编辑:澄清一下,我能够提取第一页列表,但是当我尝试提取后续信息页面时,url 没有改变,因此我怀疑它们嵌入在 iframe 中。
>答案 0 :(得分:0)
您只能使用 HTML 节点抓取目录中诊所的名称和地址,就像我在下面的代码中所做的那样:
library(rvest)
library(stringr)
healthhub.url <- "https://www.healthhub.sg/directory/clinics-and-polyclinics/"
clinic_dets <- html_session(healthhub.url) %>%
html_nodes(".app_ment") %>%
html_text() %>%
str_extract(., "[^\\r\\n].*") %>%
trimws()
clinic_address <- html_session(healthhub.url) %>%
html_nodes(".add_sign") %>%
html_text() %>%
str_extract(., "[^\\r\\n].*") %>%
trimws()
clinic_name <- ""
for (clinic_idx in (1:length(clinic_dets))) {
clinic_name[clinic_idx] <- sub(clinic_address[clinic_idx], '', clinic_dets[clinic_idx])
}
clinic_name <- trimws(clinic_name)
df <- data.frame(clinic_name, clinic_address)
现在棘手的部分是浏览结果页面,这是通过 Javascript 请求完成的。您可以使用 Selenium
打开浏览器实例、模拟导航并从中提取数据来实现这一点,就像我在下面的代码中所做的那样:
library(rvest)
library(stringr)
library(RSelenium)
scrape_clinics_data <- function(page_html){
#'
#'@description Retrieves clinics names and addresses from directory on
#'main source URL.
#'
#' Parameters:
#'@param page_html (XML): An XML document containing the webpages HTML code.
#'
#' Returns:
#'@return page_df (data.frame): i x 2 data.frame with columns
#'clinic_name (chr) and clinic_address (chr), where i equals the number of
#'clinics retrieved from the given page.
#'
#'@importFrom rvest, stringr
#'
clinic_dets <- page %>%
html_nodes(".app_ment") %>%
html_text() %>%
str_extract(., "[^\\r\\n].*") %>%
trimws()
clinic_address <- page %>%
html_nodes(".add_sign") %>%
html_text() %>%
str_extract(., "[^\\r\\n].*") %>%
trimws()
clinic_name <- ""
for (clinic_idx in (1:length(clinic_dets))) {
clinic_name[clinic_idx] <- sub(clinic_address[clinic_idx], '', clinic_dets[clinic_idx])
}
clinic_name <- trimws(clinic_name)
# Store scraped data in data.frame
page_df <- data.frame(clinic_name, clinic_address)
return(page_df)
}
# Source URL
url <- "https://www.healthhub.sg/directory/clinics-and-polyclinics/"

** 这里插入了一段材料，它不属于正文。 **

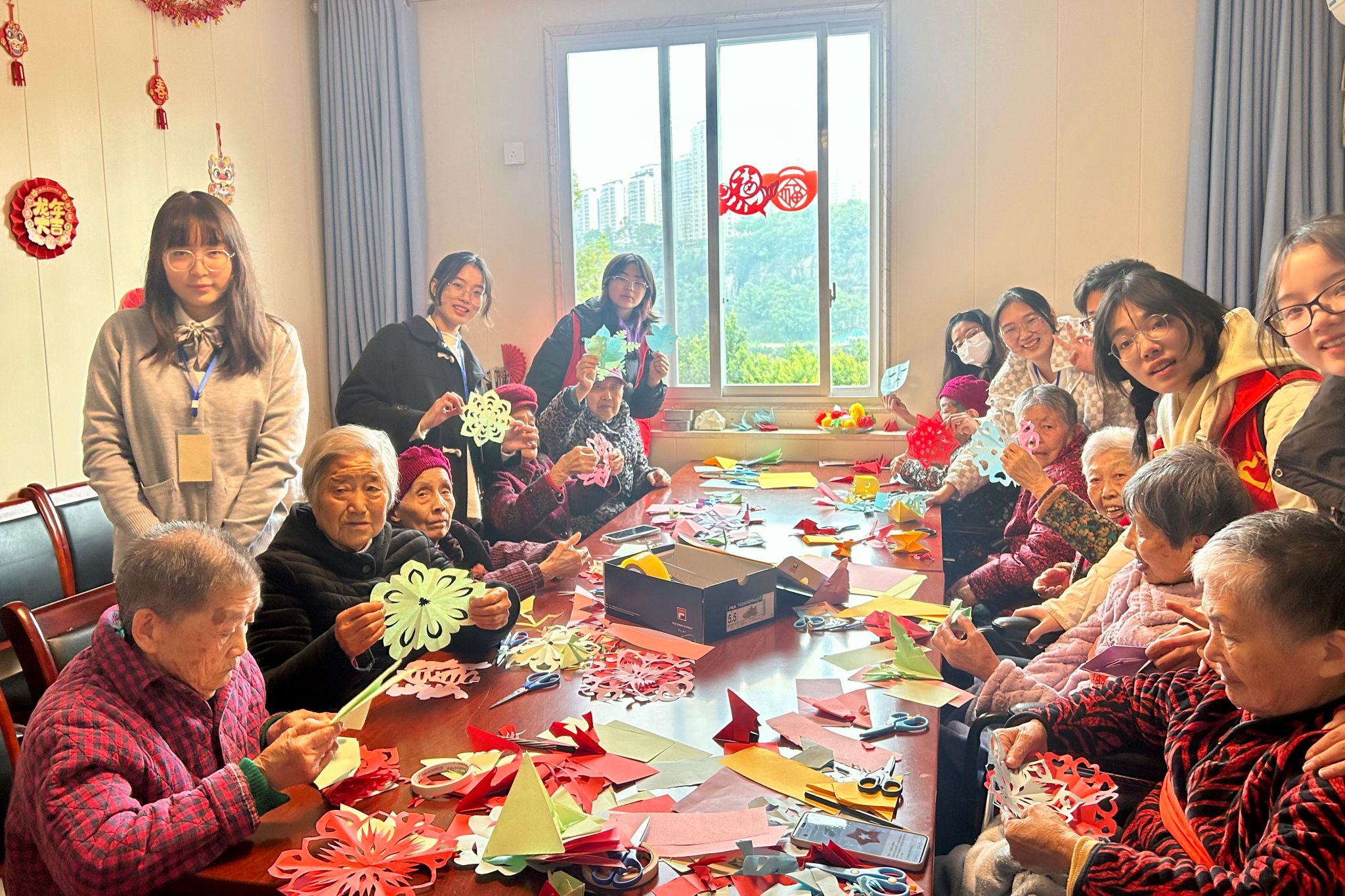 本次志愿活动包含两个部分。一是“巧手慧心,耆老无穷”手工活动。志愿者们组织老人们参与折纸、剪纸、编织等手工制作活动。志愿者们逐步示范,老人们认真跟随操作,完成后的剪纸、纸鹤等成品可作为装饰品点缀房间,为福利院营造出喜庆氛围。二是谈心聊天环节。志愿者与老人们敞开心扉,一起畅聊人生,用新青年视角帮助老人们排忧解难的同时,也领悟到了老一辈的生活经验,拉近了彼此间的距离。活动全程,志愿者们严格遵守公司相关规章制度,以身作则,展现出365英国上市公司学子的良好形象。

# Instantiate a Selenium server
rD <- rsDriver(browser=c("chrome"), chromever="91.0.4472.19")
# Assign the client to an object
rem_dr <- rD[["client"]]
# Navigate to the URL
rem_dr$navigate(url)
# Create a data.frame to store results
df <- data.frame()
# GET HTML of the first page of results in the directory
page <- read_html(rem_dr$getPageSource()[[1]])
# Store scraped data in temporary data.frame
temp_df <- scrape_clinics_data(page)
# Append temporary data.frame to main data.frame
df <- rbind(df, temp_df)
# Collect list of navigation links
links <- rem_dr$findElements(using = 'class', value = 'page-link')
# Retrieve number of results pages
results_pages <- c()
for (idx in 1:length(links)) {
link_txt <- unlist(links[[idx]]$getElementText())
if (!link_txt %in% c("", "❮", "❯")){
if (length(str_split(link_txt, '/')[[1]]) > 1) {
results_pages <- c(results_pages, str_split(link_txt, '/')[[1]][2])
} else {
results_pages <- c(results_pages, link_txt)
}
}
}
# Identify number of last results page
max_results_page <- max(as.numeric(results_pages))
# Move on to the second page of results
links[[length(links)]]$clickElement()
# Repeat the procedure from 2 to the maximum number of results pages, since we
# are already on the second page of results
for (i in 2:max_results_page) {
page <- read_html(rem_dr$getPageSource()[[1]])
temp_df <- scrape_clinics_data(page)
df <- rbind(df, temp_df)
if (i < max_results_page) {
links <- rem_dr$findElements(using = 'class', value = 'page-link')
links[[length(links)]]$clickElement()
}
}
# Close the client and the server
rem_dr$close()
rD$server$stop()
如果您是 Selenium
的新手,我强烈建议您查看 Ivan Millanes 的 this introductory guide 以及他们在那里链接的其他资源。
这是代码的简单实现。无论如何,先考虑 ethics of web scraping 总是好的。